◆ Problem: Restate the data below word for word, and let no image into your version.

◆ Supplied material:
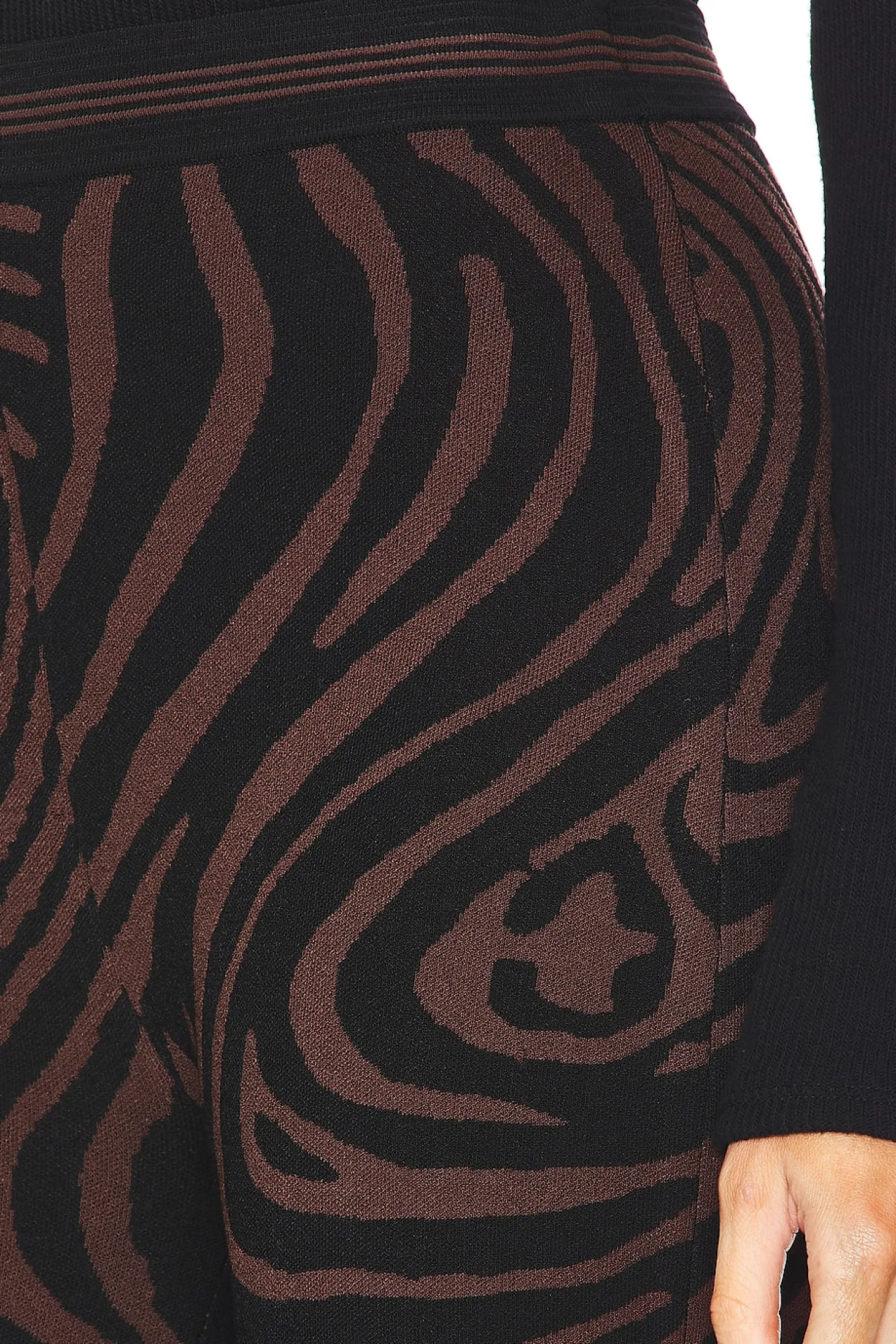 79% viscose 21% polyester.Made in China.Dry clean only.Pull-on styling with elastic waistband.Midweight fabric.14" at the knee breaks to 20" at the leg opening
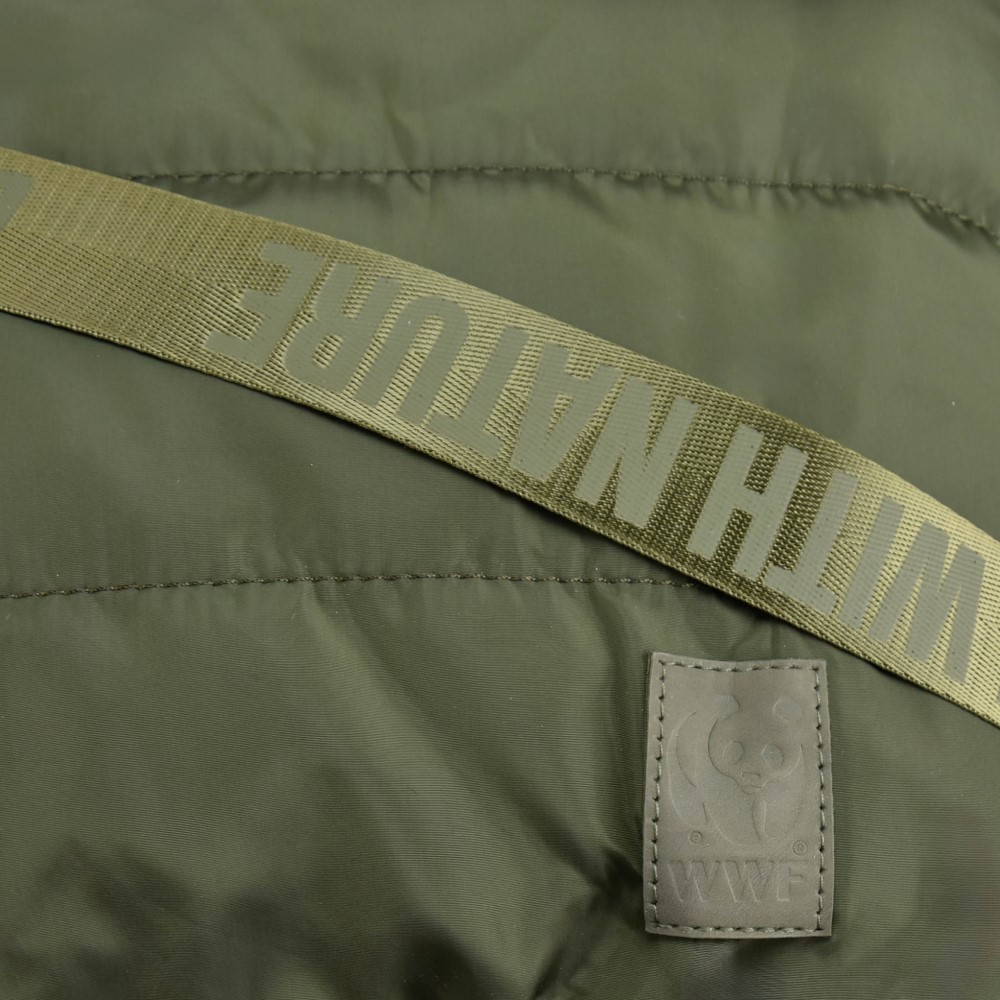 Aan de buitenkant is een subtiel WWF-logo bevestigd. De verstelbare schouderband is voorzien van onze slogan 'Be one with nature'.
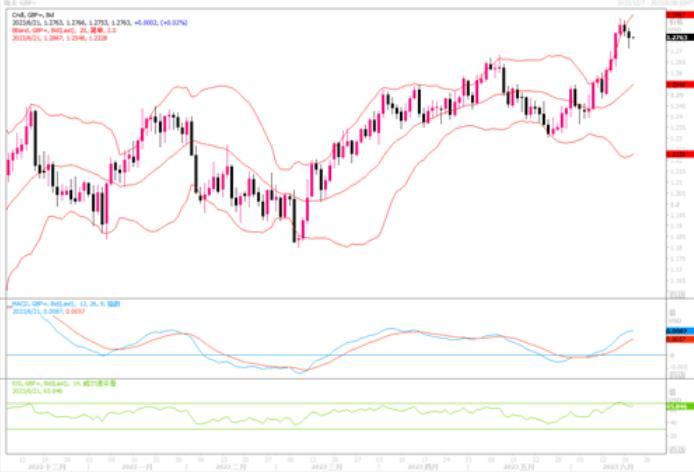 继续下跌0.14%,报1.2770。市场研究机构Kantar周二发布的最新行业数据显示,6月英国食品杂货价格同比涨幅小幅放缓,为连续第三个月下跌,略为减轻消费者的民生成本危机压力。周三英国将公布5月份关键通胀数据。若最新通胀数据显示明显下降,可能对周四英国央行货币政策委员会的利率决定有重大影响。从而有可能削减市场对于英国央行加息的押注。日内须密切关注英国通胀数据对于英镑的影响。短线4小时图上,英镑出现高位调整回落的走势形态,目前暂时在1.2720附近获得支撑。若周三的通胀数据低于预期,将可能导致英镑进一步的退潮回落。相反,若数据依然显示强顽,英镑/美元有机会继续逞强。
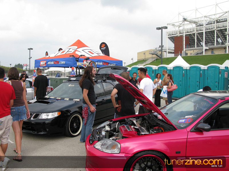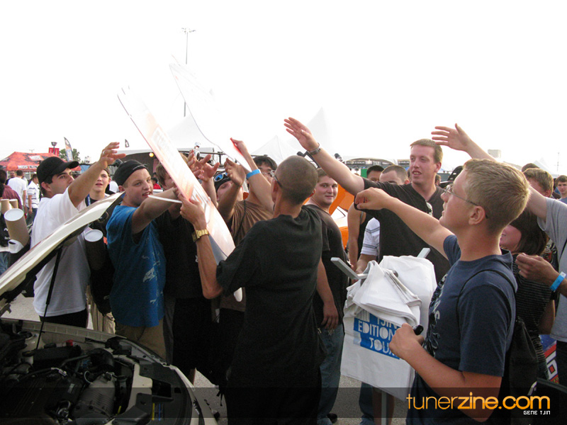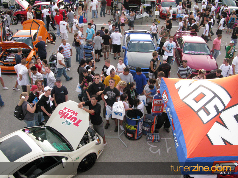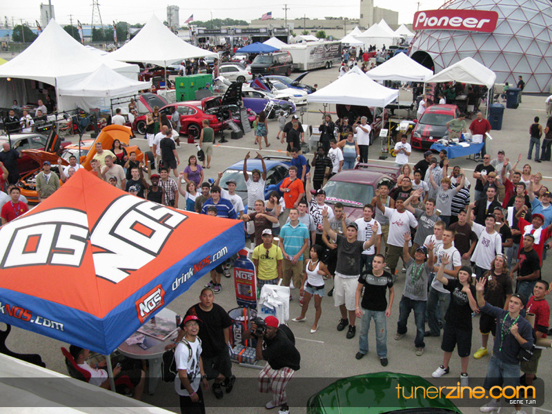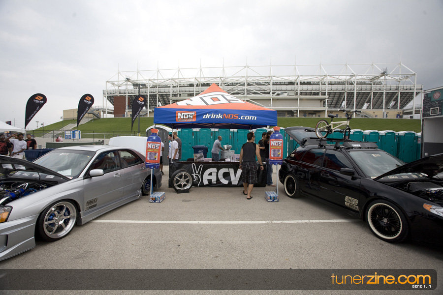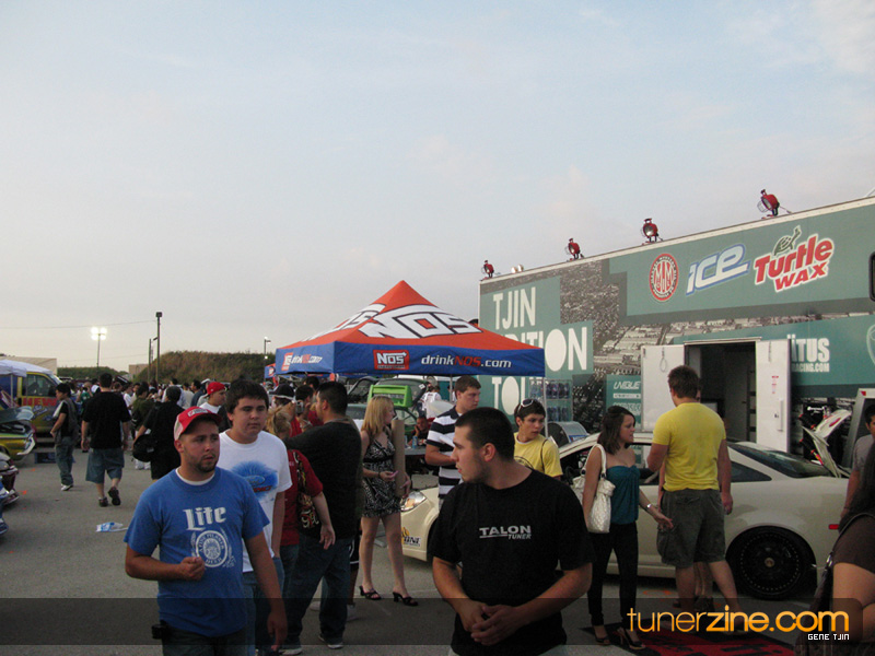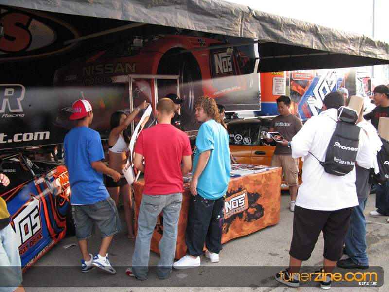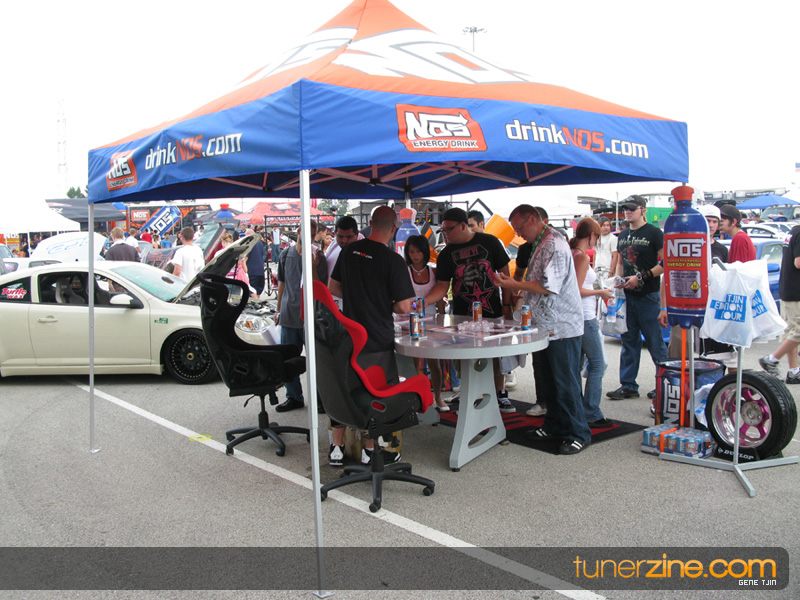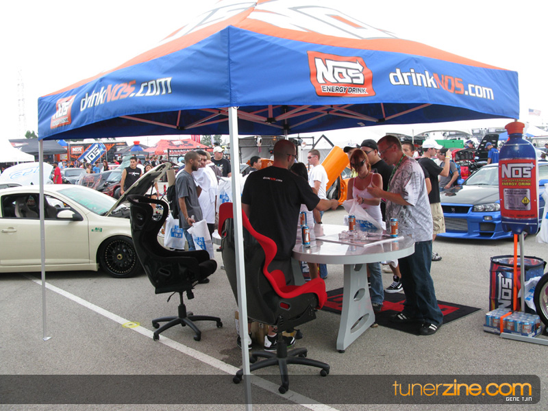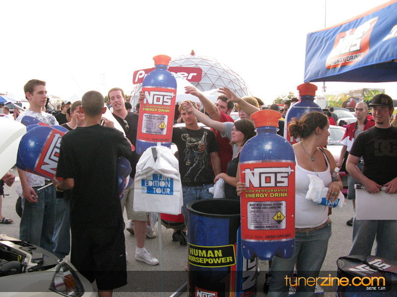 With a prime spot for their mega rig right by the front entrance of the show, the Tjin Edition booth was the place to be throughout the show. Fans, spectators, and fellow car competitors and crew stopped by to the booth to check out some of the hottest cars and to get their free Turtle Wax and ICE samples, ice-cold NOS Energy Drinks, and NOS and Function and Form t-shirts.

◆ The answer:
 79% viscose 21% polyester.Made in China.Dry clean only.Pull-on styling with elastic waistband.Midweight fabric.14" at the knee breaks to 20" at the leg opening
 Aan de buitenkant is een subtiel WWF-logo bevestigd. De verstelbare schouderband is voorzien van onze slogan 'Be one with nature'.
 继续下跌0.14%,报1.2770。市场研究机构Kantar周二发布的最新行业数据显示,6月英国食品杂货价格同比涨幅小幅放缓,为连续第三个月下跌,略为减轻消费者的民生成本危机压力。周三英国将公布5月份关键通胀数据。若最新通胀数据显示明显下降,可能对周四英国央行货币政策委员会的利率决定有重大影响。从而有可能削减市场对于英国央行加息的押注。日内须密切关注英国通胀数据对于英镑的影响。短线4小时图上,英镑出现高位调整回落的走势形态,目前暂时在1.2720附近获得支撑。若周三的通胀数据低于预期,将可能导致英镑进一步的退潮回落。相反,若数据依然显示强顽,英镑/美元有机会继续逞强。
 With a prime spot for their mega rig right by the front entrance of the show, the Tjin Edition booth was the place to be throughout the show. Fans, spectators, and fellow car competitors and crew stopped by to the booth to check out some of the hottest cars and to get their free Turtle Wax and ICE samples, ice-cold NOS Energy Drinks, and NOS and Function and Form t-shirts.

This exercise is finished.